All of the records below are to be output exactly; no image belongs in the result.

Stored entries:
****************
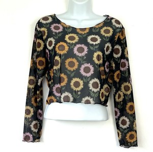 Princess Highway Top Sz 12 – Sheer Mesh Crop Pastel Sunflower Long Sleeve boho
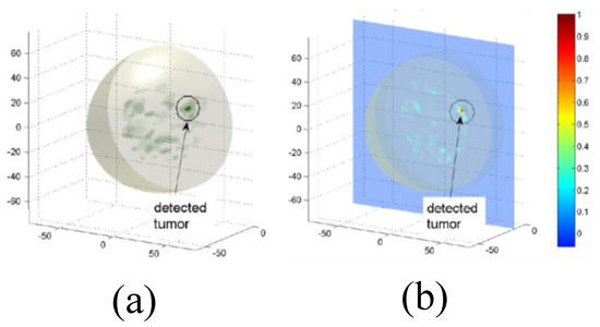 Clinical imaging results using a radar-based UWB microwave system developed by Klemm et al. [76]. (a) A 3D image. (b) A 2D image showing the presence of a tumour. Reprinted with permission from [76].
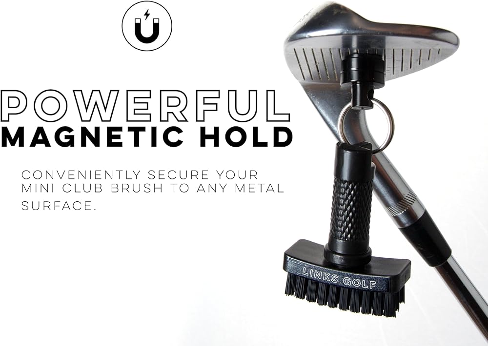 Links Golf – Mini Golf Club Brush, Portable Golf Club Cleaner with Quick-Release Magnet & S-Carabiner Clip, Heavy Duty Nylon Bristles for Golf Bag, Cart and Pants
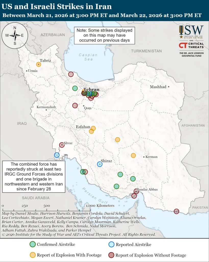 The IDF continued to strike internal security institutions and personnel in Tehran on March 22. The IDF reported that it struck an “additional headquarters” belonging to Iranian Intelligence and Security Ministry in Tehran.[35] The IDF has pursued other Intelligence and Security Ministry-affiliated targets since the beginning of the war, including headquarters, personnel, and other assets across Iran.[36] The IDF recently killed Intelligence and Security Minister Esmail Khatib in an airstrike on March 18.[37] The IDF also struck an ”emergency command center” for internal security forces in Tehran on March 22.[38] The reference to an ”emergency command center” may refer to improvised facilities necessitated by Israeli strikes on the regular headquarters of the security units. ISW-CTP recently noted that fear and shock have caused some Iranian internal security personnel to abandon established headquarters and bases, set up improvised facilities, and adapt command-and-control structures under pressure.[39]
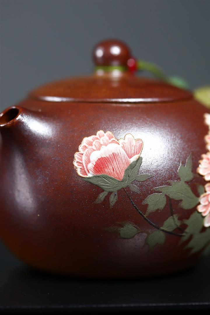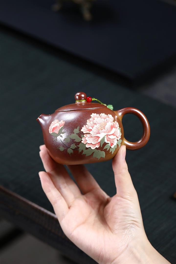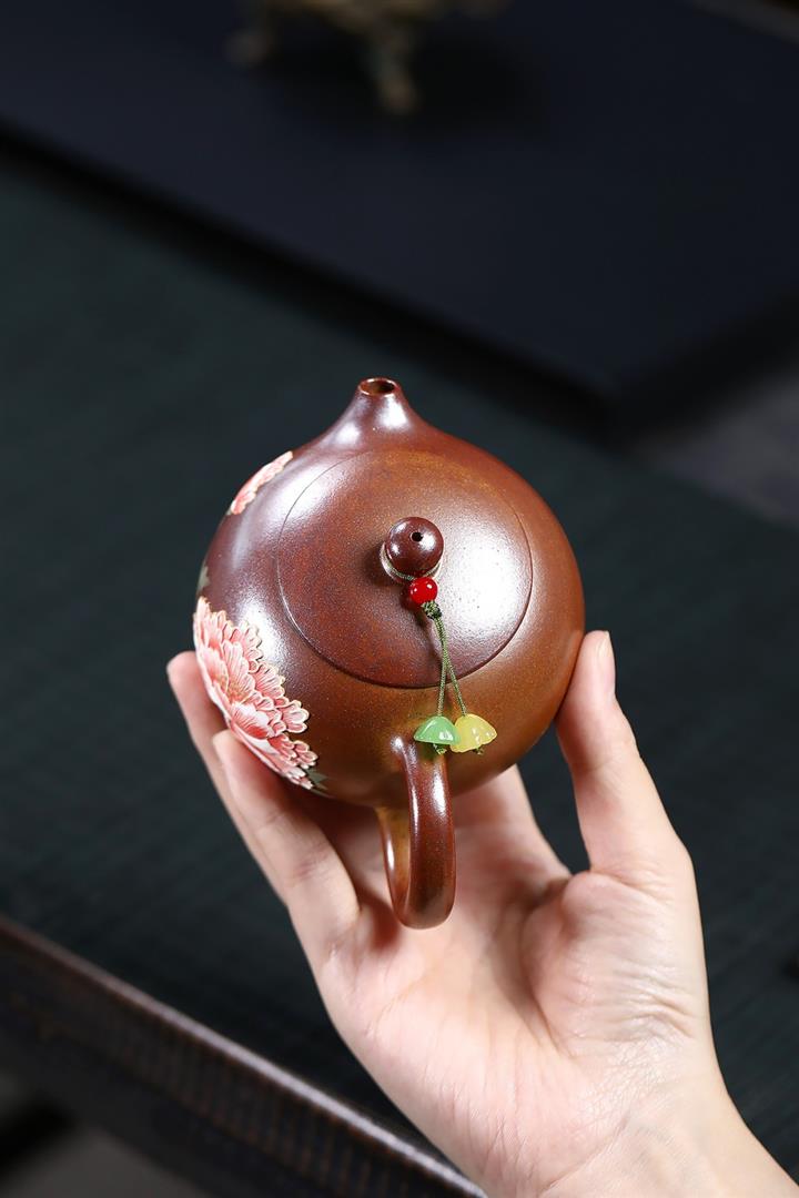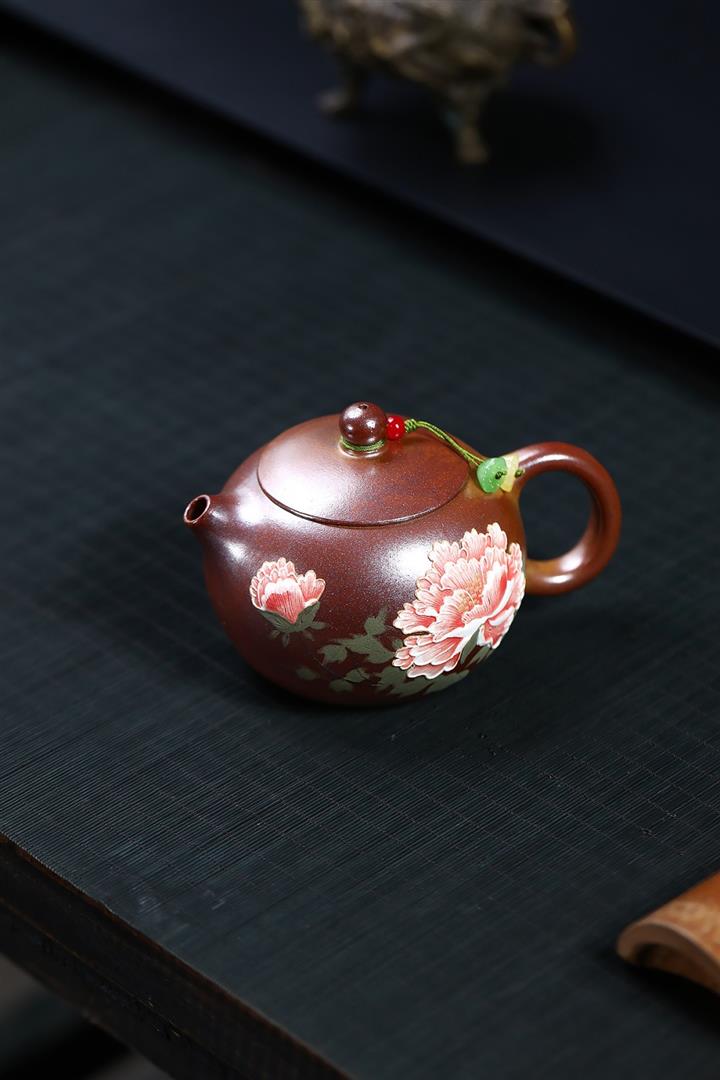 250cc原礦黃金段泥火焰燒焰生牡丹茶壺POT8845
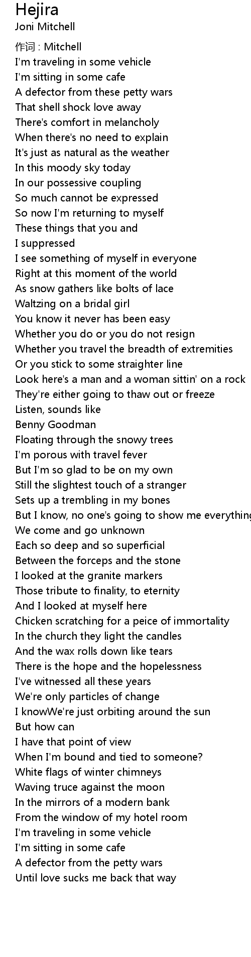 | 歌曲 | Hejira |
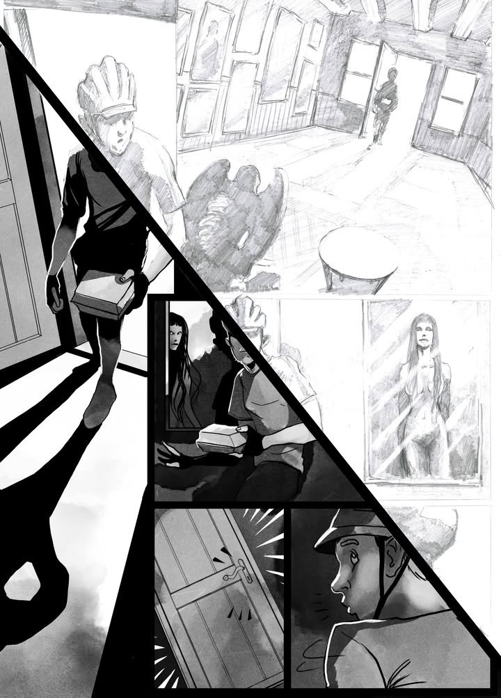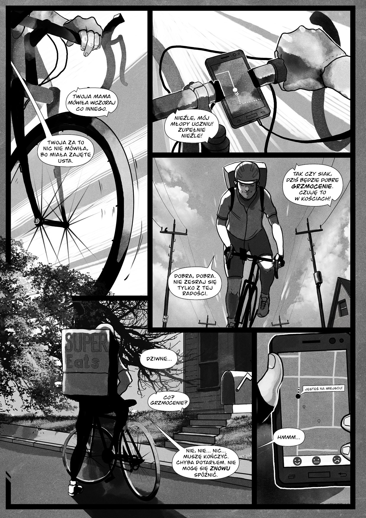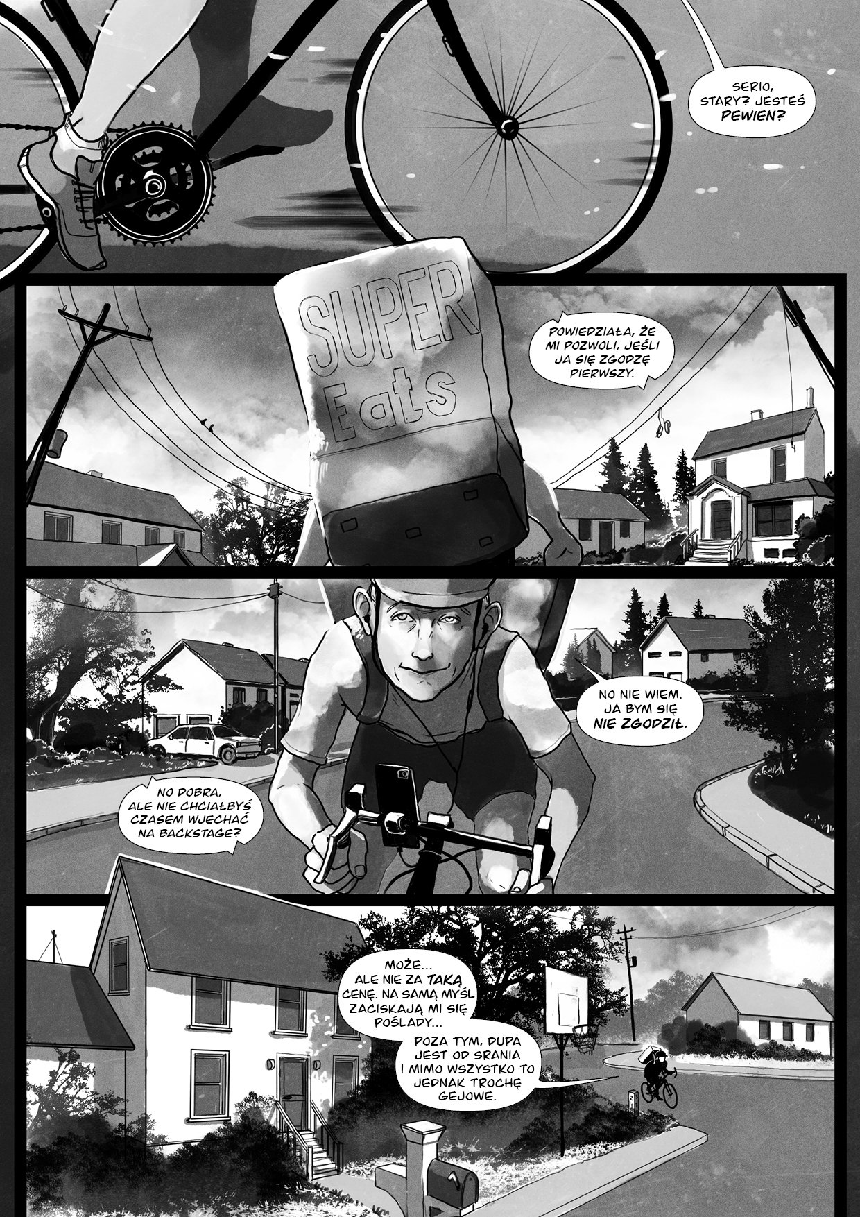 Scenariusz powstawał w okresie przedhalloweenowym, więc przystroiłem go w piórka horroru, jednocześnie wykorzystując klisze z mainstreamowych filmów dla dorosłych w postaci dostawcy jedzenia i nieco cringy dialogów. Wtedy nie publikowałem jeszcze na swoim IG takich treści, jak dziś, więc pisanie podobnych scen trochę mnie krygowało, co przełożyło się na komediowy aspekt komiksu. Za to akcję prowadziłem tak, jakbym pisał superhero. Znajdziecie więc w „Drugiej dziurce” splashe i spready typowe dla amerykańskiej szkoły.
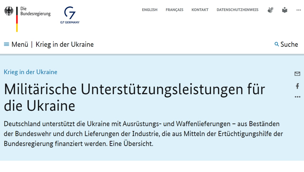На данный момент военная помощь ФРГ Украине оценивается в $1,5 млрд.
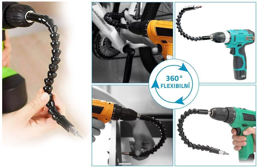 A fúrótartozék nagyszerű segítő, nem csak a hivatásos kézművesek számára alkalmas, de minden otthoni ezermester értékelni fogja. A rögzítés flexibilis, rugalmas és hajlékony, így a nehezen hozzáférhető helyeken is kényelmesen segít a csavarok meghúzása és felengedése során. A nehezen elérhető helyeknek, például sarkoknak, fülkéknek és szűk tereknek már nincs esélye!
****************
## Worked solution
 Princess Highway Top Sz 12 – Sheer Mesh Crop Pastel Sunflower Long Sleeve boho
 Clinical imaging results using a radar-based UWB microwave system developed by Klemm et al. [76]. (a) A 3D image. (b) A 2D image showing the presence of a tumour. Reprinted with permission from [76].
 Links Golf – Mini Golf Club Brush, Portable Golf Club Cleaner with Quick-Release Magnet & S-Carabiner Clip, Heavy Duty Nylon Bristles for Golf Bag, Cart and Pants
 The IDF continued to strike internal security institutions and personnel in Tehran on March 22. The IDF reported that it struck an “additional headquarters” belonging to Iranian Intelligence and Security Ministry in Tehran.[35] The IDF has pursued other Intelligence and Security Ministry-affiliated targets since the beginning of the war, including headquarters, personnel, and other assets across Iran.[36] The IDF recently killed Intelligence and Security Minister Esmail Khatib in an airstrike on March 18.[37] The IDF also struck an ”emergency command center” for internal security forces in Tehran on March 22.[38] The reference to an ”emergency command center” may refer to improvised facilities necessitated by Israeli strikes on the regular headquarters of the security units. ISW-CTP recently noted that fear and shock have caused some Iranian internal security personnel to abandon established headquarters and bases, set up improvised facilities, and adapt command-and-control structures under pressure.[39]
 250cc原礦黃金段泥火焰燒焰生牡丹茶壺POT8845
 | 歌曲 | Hejira |
 Scenariusz powstawał w okresie przedhalloweenowym, więc przystroiłem go w piórka horroru, jednocześnie wykorzystując klisze z mainstreamowych filmów dla dorosłych w postaci dostawcy jedzenia i nieco cringy dialogów. Wtedy nie publikowałem jeszcze na swoim IG takich treści, jak dziś, więc pisanie podobnych scen trochę mnie krygowało, co przełożyło się na komediowy aspekt komiksu. Za to akcję prowadziłem tak, jakbym pisał superhero. Znajdziecie więc w „Drugiej dziurce” splashe i spready typowe dla amerykańskiej szkoły.
На данный момент военная помощь ФРГ Украине оценивается в $1,5 млрд.
 A fúrótartozék nagyszerű segítő, nem csak a hivatásos kézművesek számára alkalmas, de minden otthoni ezermester értékelni fogja. A rögzítés flexibilis, rugalmas és hajlékony, így a nehezen hozzáférhető helyeken is kényelmesen segít a csavarok meghúzása és felengedése során. A nehezen elérhető helyeknek, például sarkoknak, fülkéknek és szűk tereknek már nincs esélye!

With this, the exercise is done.